WHAT IS EXPECTED:
From the line that contains "Vom Schlägerherz ausgehend" down to the final line of the listing below, set down every line exactly, both ends included, and drop the pictures.

ENTRIES PROVIDED:
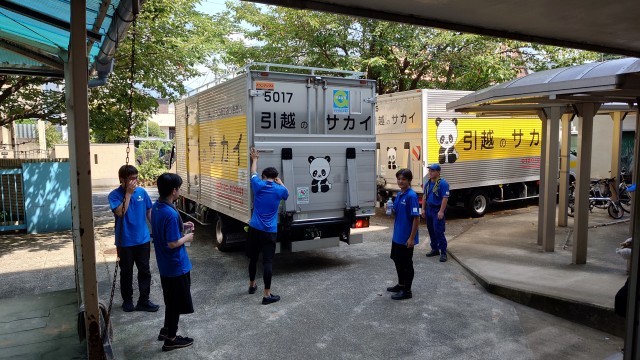 引っ越し業者の皆さんが朝から精をだしてくださいます。暑い中ご苦労さまです。
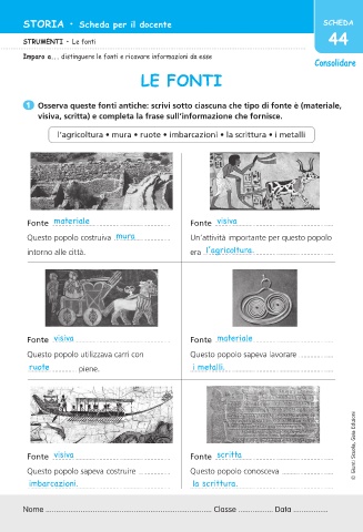 1 Osserva queste fonti antiche: scrivi sotto ciascuna che tipo di fonte è (materiale,
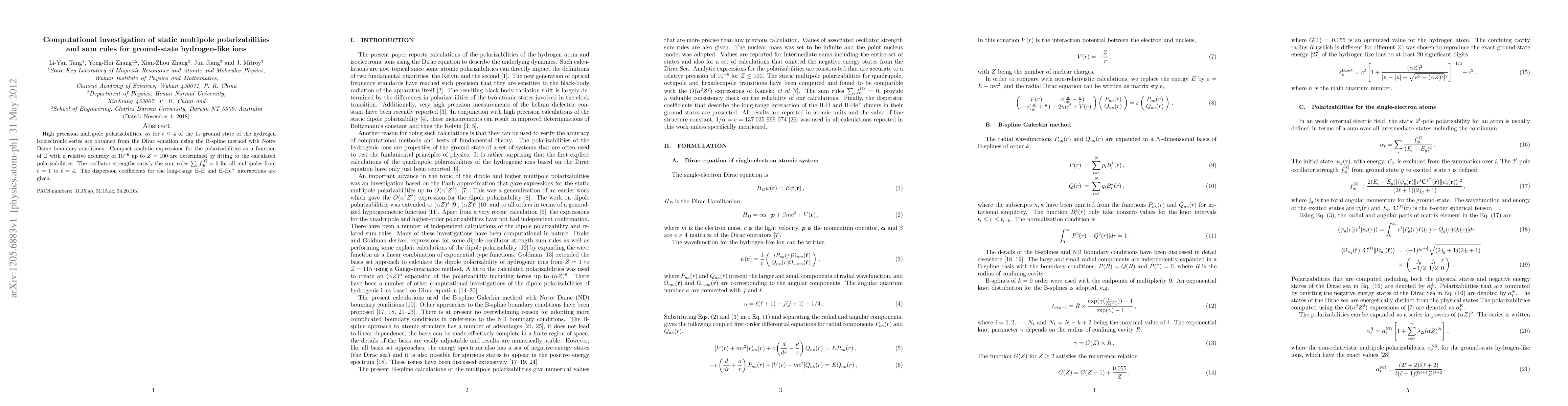 High precision multipole polarizabilities, $\alpha_{\ell}$ for $\ell \le 4$ of the $1s$ ground state of the hydrogen isoelectronic series are obtained from the Dirac equation using the B-spline method with Notre Dame boundary conditions. Compact analytic expressions for the polarizabilities as a function of $Z$ with a relative accuracy of 10$^{-6}$ up to $Z = 100$ are determined by fitting to the calculated polarizabilities. The oscillator strengths satisfy the sum rules $\sum_i f^{(\ell)}_{0i} = 0$ for all multipoles from $\ell = 1$ to $\ell = 4$. The dispersion coefficients for the long-range H-H and H-He$^+$ interactions are given.
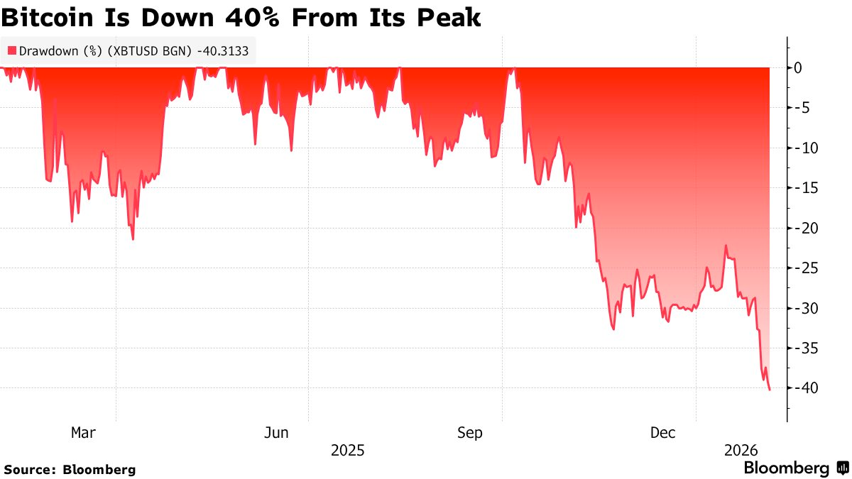 Bitcoin has lost 40% since it hit an all-time high of over $126,000 in October, shedding momentum, narrative and its claim as a hedge all at once.
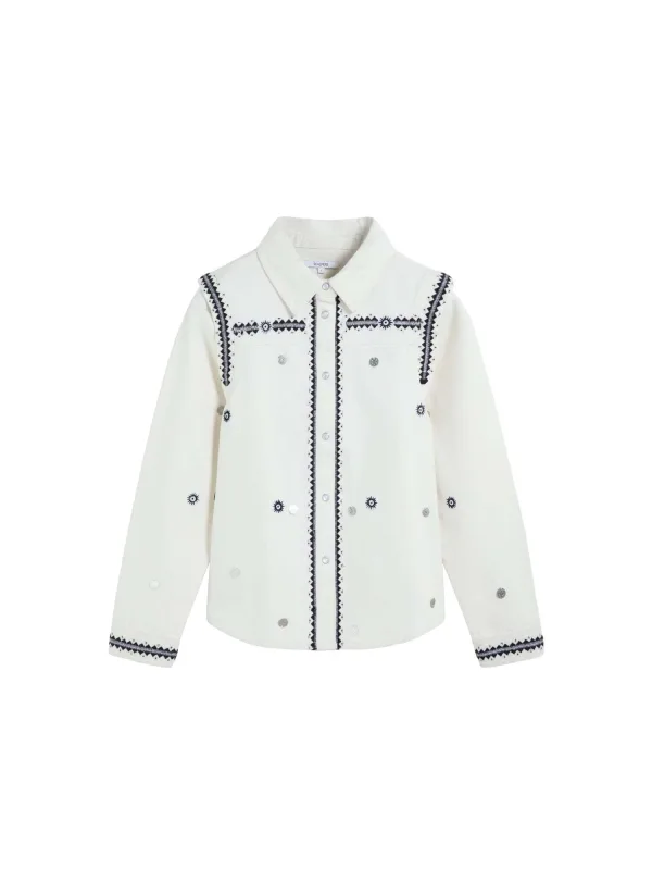 Blouse type: Klassieke blouse; Design: Ronde zoom; Type sluiting: Knoopsluiting; Materiaal: Denim; Kraag: Kentkraag; Extra's: All-over patroon, Applicaties; Pasvorm: Normale pasvorm; Armlengte: Lange mouw; Lengte: Normale lengte
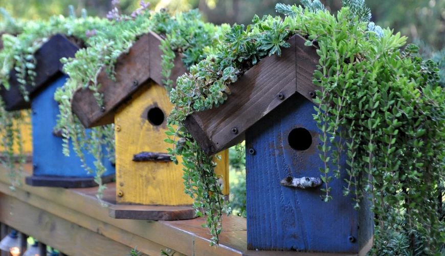 Скворечники, выполненные из тонких листов фанеры и имеющие яркий окрас, носят исключительно декоративную функцию. Птицы редко заселяются в такие домики. При этом декорирование материалами природного происхождения в виде веток, коры или мха станет отличным решением. Кроме этого, они маскируют птичьи домики, что оберегает их от хищников.
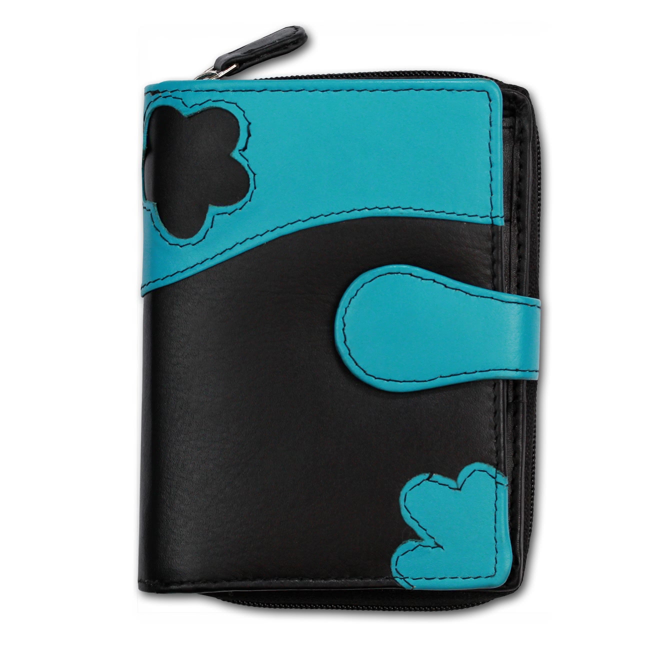 DrachenLeder Brieftasche schwarz türkis Portemonnaie Leder OPS103S
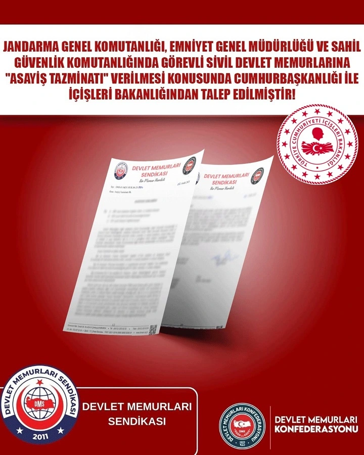 Daha önce; yetkili sendika olduğumuz Jandarma Genel Komutanlığı ve Sahil Güvenlik Komutanlığında görevli sivil Devlet memurlarına “Asayiş Tazminatı” ödenmesi amacıyla çalışmalar yapılmış, kanun değişiklik talepleri Jandarma Genel Komutanlığınca İçişleri Bakanlığına iletilmiş, ancak İçişleri Bakanlığı tarafından bütüncül çalışma yapılması gerekçesiyle sonuçlandırılmamıştır.
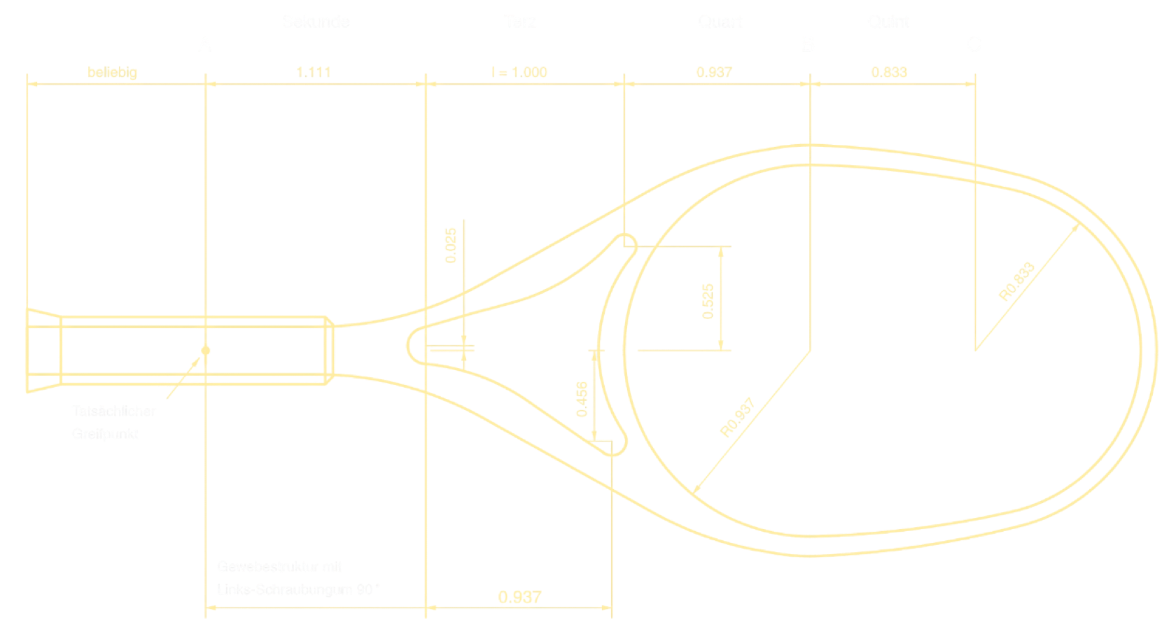 Vom Schlägerherz ausgehend und dieses als Einheitsmaß gleich „1“ setzend, wird die Proportion bis zum Griff- bzw. Greigpunkt als Sekunden-Intervall definiert, wohingegen der sog. „Sweet Spot“ im Bereich zwischen Quart- und Quint-Proportionen liegt.
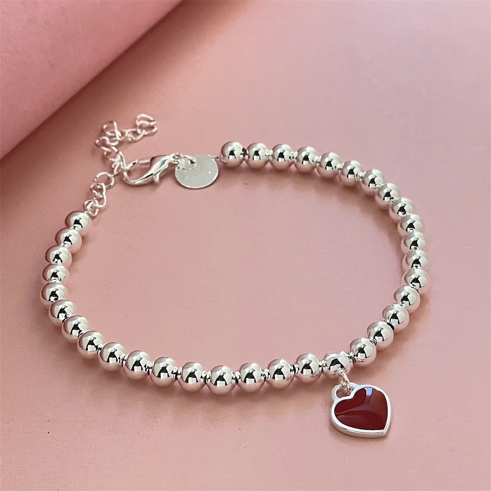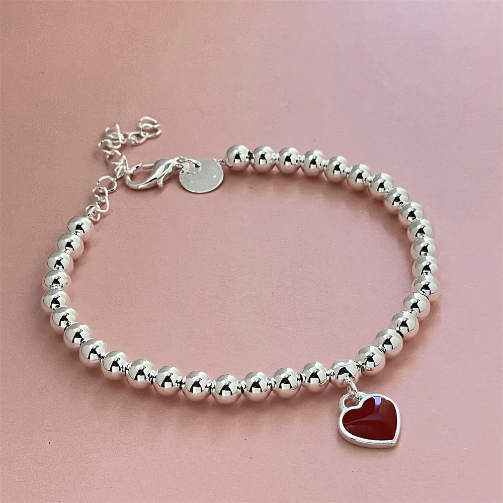 Fashion 925 Sterling Silver Bracelet Red Heart Brand Charm Women Classic Fashion Party Jewelry Gift

ANSWER TO THE EXERCISE:
 Vom Schlägerherz ausgehend und dieses als Einheitsmaß gleich „1“ setzend, wird die Proportion bis zum Griff- bzw. Greigpunkt als Sekunden-Intervall definiert, wohingegen der sog. „Sweet Spot“ im Bereich zwischen Quart- und Quint-Proportionen liegt.
 Fashion 925 Sterling Silver Bracelet Red Heart Brand Charm Women Classic Fashion Party Jewelry Gift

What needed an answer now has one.